LOL, I didn't post this to cause panick or scare people away  :rofl: 

I read all reviews from various sources but I also take all reviews (both positive and negative) with a grain salt. 

I also don't expect any resort to have all positive reviews. Some folks will simply be pissed off because they didn't get to check-in early, didn't get their room request, received a room with a bad view, embarrassed by some little thing that went wrong because they were trying to show off to their guests, didn't do their homework and now are complaining about it after the fact, and the list goes on and on.

However on the other hand... we also have some folks on the other extreme that will sugar coat and simply ignore the negatives.  

This particular review struck me because of the multiple issues encountered.  Of course, I was well aware of the pool maintenance schedule for Sept, lack of a good beach near the resort and sometimes the laid back attitude when you go to the islands but I felt this review overall was a bit shocking. I'm sure the exchange of the three bedroom for the two bedroom just added more fuel to the fire.  

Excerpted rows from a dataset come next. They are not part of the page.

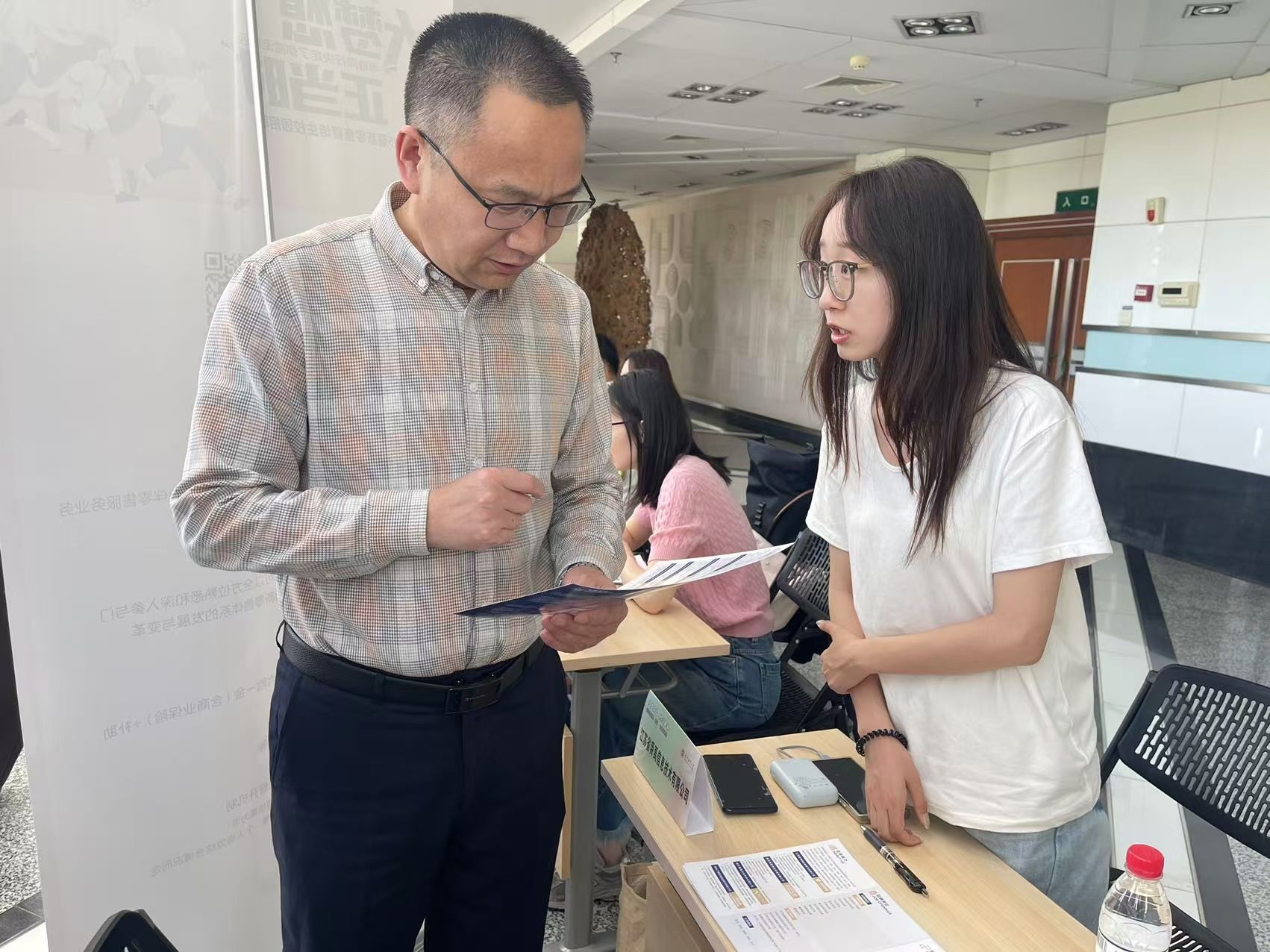 本次招聘会吸引了南京亚欧通讯设备有限公司、江苏先声药业有限公司、江苏大众书局图书文化有限公司、南京银都奥美广告有限公司等27家优质企业参加,涵盖设计、市场营销、新闻传媒、翻译等多个领域,提供500余个岗位,包括运营管培生、医药营销专员、外贸客服、游戏建模师、短视频导演等多种类型,充分满足了不同专业毕业生的求职需求。招聘会现场气氛热烈,毕业生们手持精心准备的简历,积极与企业招聘人员沟通交流。他们详细了解企业的发展情况、岗位要求、薪资待遇等信息,并结合专业优势和职业规划,向心仪的企业投递简历。为了更好地服务毕业生,招聘会现场还设置了多个服务区域。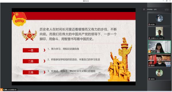 考虑到暑期炎热、课业繁重,宣讲队成员利用中学生们的课余时间,依托网络平台,在线上组织了简短的团课理论交流会。围绕“青春心向党,奋进新征程”,队员们采取理论知识宣讲与视频结合的方式,畅所欲言地分享青年学生对建功新时代的想法及计划。大家纷纷表示,新时代团员青年理应坚定不移跟党走,牢记党的教诲,立志民族复兴,立志做有理想、敢担当、能吃苦、肯奋斗的新时代好青年,在青春的赛道上跑出当代青年的好成绩,让青春在全面建设社会主义现代化国家的火热实践中绽放绚丽之花。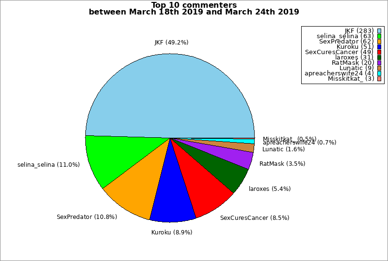 | Top 10 commenters between March 18th 2019 and March 24th 2019 | ||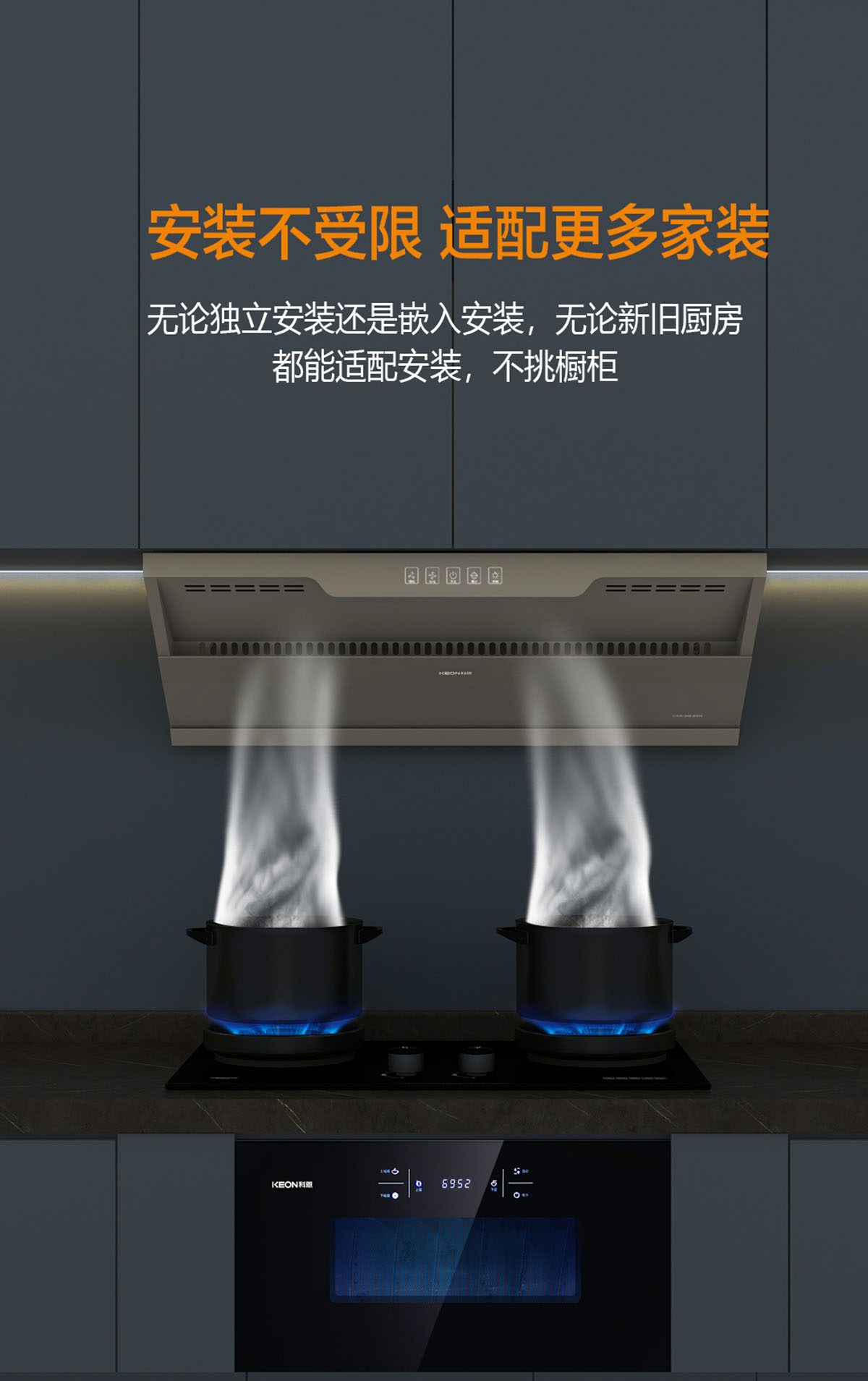 • 歐近式煙機,平行嵌入,輕松嵌裝,櫥柜美觀不突兀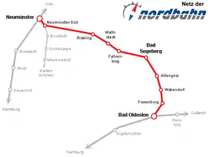 The Neumünster–Bad Oldesloe railway is an approximately 45-kilometer-long single-track, non-electrified main line in the German state of Schleswig-Holstein. It connects the central Holstein town of Neumünster with Bad Oldesloe, the seat of the district of Stormarn. Since December 2002, passenger services on the line have been operated by Nordbahn Eisenbahngesellschaft.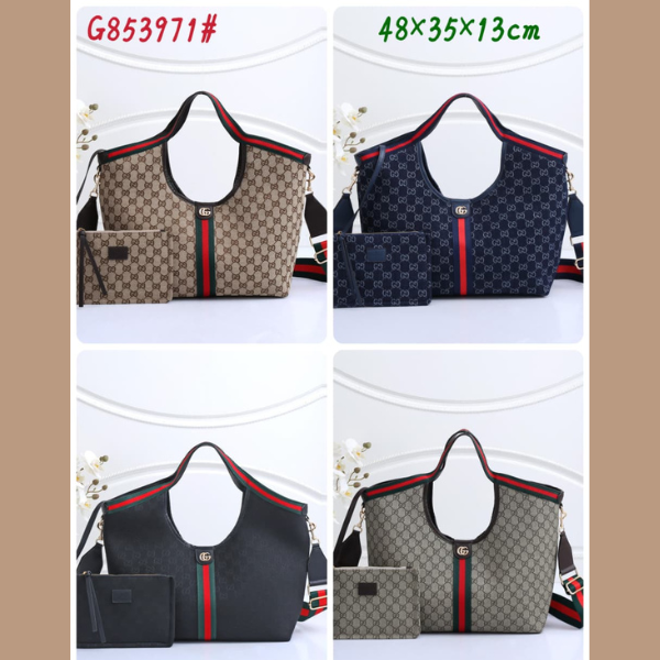 Gucci Giglio GG Leather Canvas Tote Hand Shoulder Bag Crossbody Strap Detachable Pouch Gold Blue Red Trim with Free Perfume W25cm x H20cm x D15cm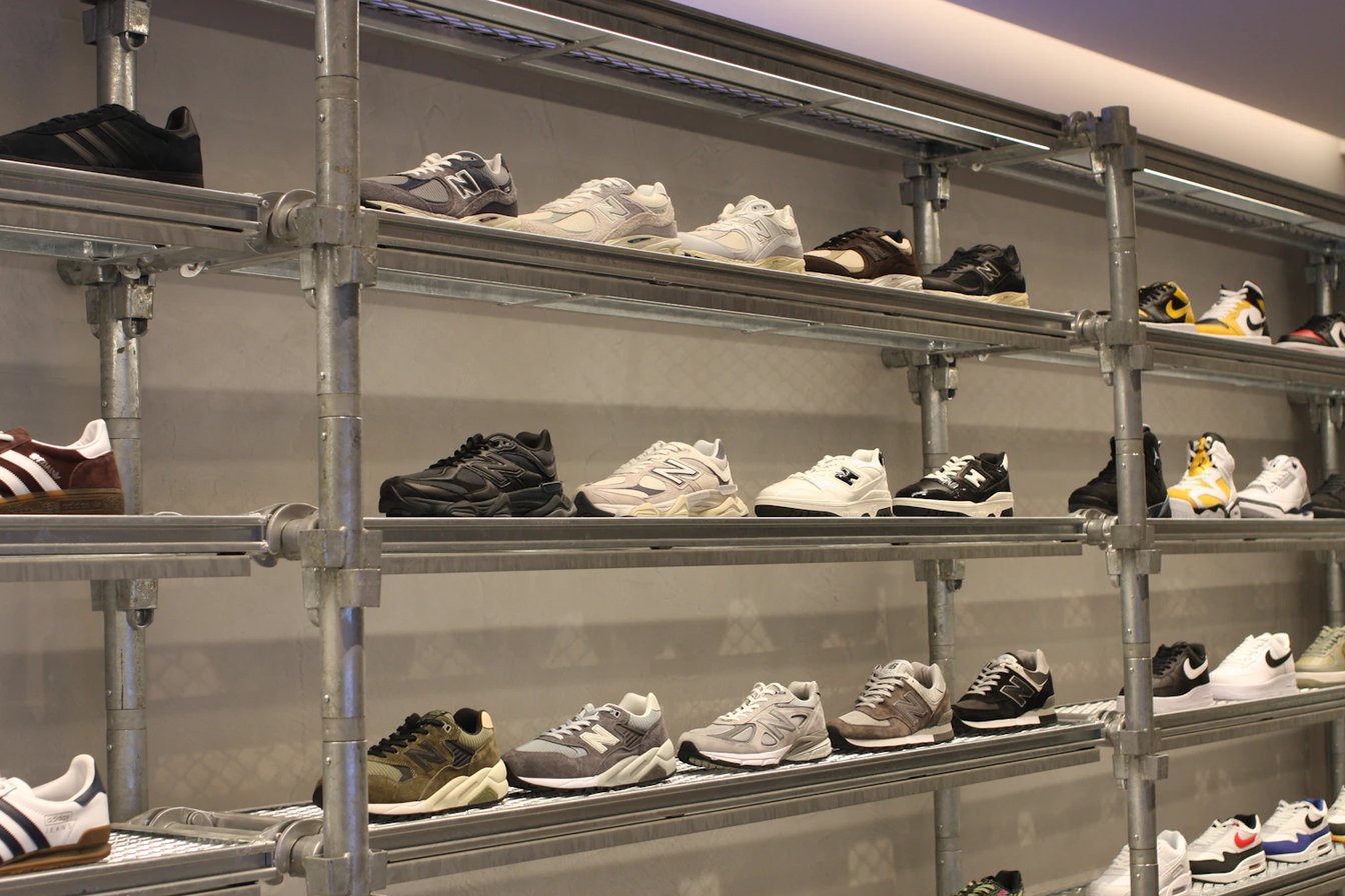 ナイキ、アディダスをはじめ、ニューバランスなど主要なブランドはすべて網羅。「ミタスニーカーズ」とも連携し、一部コラボモデルなども「ヘリンボーン フットウェア」でも展開される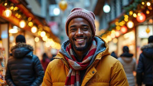 A cheerful man wearing a warm yellow coat and scarf, smiling in a vibrant market setting.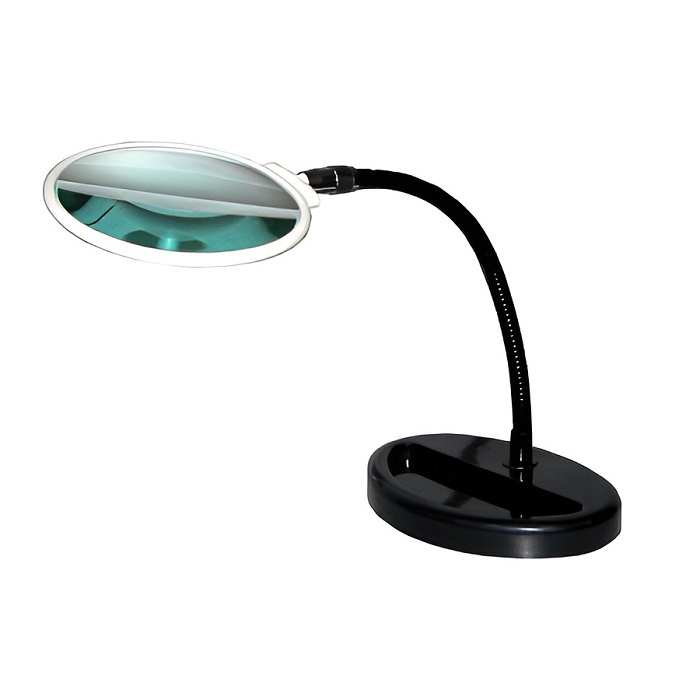 Лупа снабжена подставкой и регулируемым держателем, позволяющим наклонять и фиксировать линзу в нужном положении. В корпус изделия встроена светодиодная подсветка (батарейки в комплект не входят).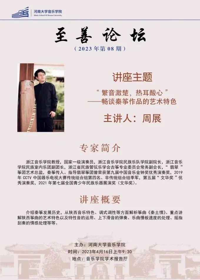 河南大学至善筝团成立于2015年,是河南省高校首个专业筝团。由河南省音乐家协会古筝专业委员会副会长、河南大学音乐学院金亚迪副教授担任团长,浙江音乐学院周展教授担任艺术指导。至善筝团以弘扬民族传统音乐为宗旨,以培养优秀古筝专业人才为目标,在教学中探索筝团对学生实践能力的锻炼和培养,充分发挥古筝的艺术魅力,繁荣校园文化生活,已成为特色鲜明、影响广泛的校园艺术品牌。在2019年CCTV中国器乐电视大赛中成功晋级非传统合组复赛、2021年荣获第二届“敦煌杯”中国民族室内乐、重奏比赛职业C组金奖,曾多次荣获河南省大学生艺术展演一等奖。

In the customer service industry, it's known that folks in general will tell more people about a bad experience than a good experience.
I hope the detailed public posting on Tripadvisor will cause a quicker resolution from Marriott.

Perhaps I also feel a little guilty for posting so many sightings for Frenchman Cove and telling folks not to let the Sept pool maintenance stop you from enjoying the resort & what the island has to offer. 

Thanks to all who shared their experiences at the resort  and Thanks to those who are planning to report back 

I hope those who have an upcoming stay have a wonderful trip


----------



## Clemson Fan (Aug 3, 2010)

Big Matt said:


> Many resorts have lousy rooms especially as it relates to location, view, etc. In resorts like Grande Vista where they are constantly refurbishing, the nicest units are way nicer than the older and worn out ones that haven't been upgraded in a while.


 
My worst experience at any MVCI property (I've been to over 10 of them) was actually at Grande Vista.  We got a 3 bedroom as an II getaway and to be frankly honest it pretty much sucked.  The unit was very worn and not that clean at all.  There are too many other nice places in Orlando that I know I will never stay there again.


----------



## Big Matt (Aug 4, 2010)

What I'm saying is that any one review is based on that individual's experience at that resort.

If they get a crappy unit, it will taint their experience.

If you read tripadvisor reviews the negative ones are usually due to either a bad unit (old, unclean, view, etc.) or bad customer service.  The bad customer service reviews are often due to management not "fixing" things related to the bad unit or the resort itself.



Ridewithme38 said:


> So your saying the resorts deserve those bad reviews.....if the rooms are actually as bad as some of these reviews imply....the resort needs to do something about that...not use them for the *less desirable*! clean them up


----------



## Big Matt (Aug 4, 2010)

That example is exactly what I'm talking about.  I stayed at GV during April and got a brand new unit.  I promise that mine was light years better than the one you got.  I own there, so it's not a surprise that mine was better.  





Clemson Fan said:


> My worst experience at any MVCI property (I've been to over 10 of them) was actually at Grande Vista.  We got a 3 bedroom as an II getaway and to be frankly honest it pretty much sucked.  The unit was very worn and not that clean at all.  There are too many other nice places in Orlando that I know I will never stay there again.


----------



## hotcoffee (Aug 4, 2010)

Since I will be going to MFC in a few days.  If I can find this thread when I return, I will give my opinion of what I found there.  I've stayed in everything from flea-bags to 5 star.  So, I think I can give an honest evaluation.


----------



## Ridewithme38 (Aug 4, 2010)

hotcoffee said:


> Since I will be going to MFC in a few days.  If I can find this thread when I return, I will give my opinion of what I found there.  I've stayed in everything from flea-bags to 5 star.  So, I think I can give an honest evaluation.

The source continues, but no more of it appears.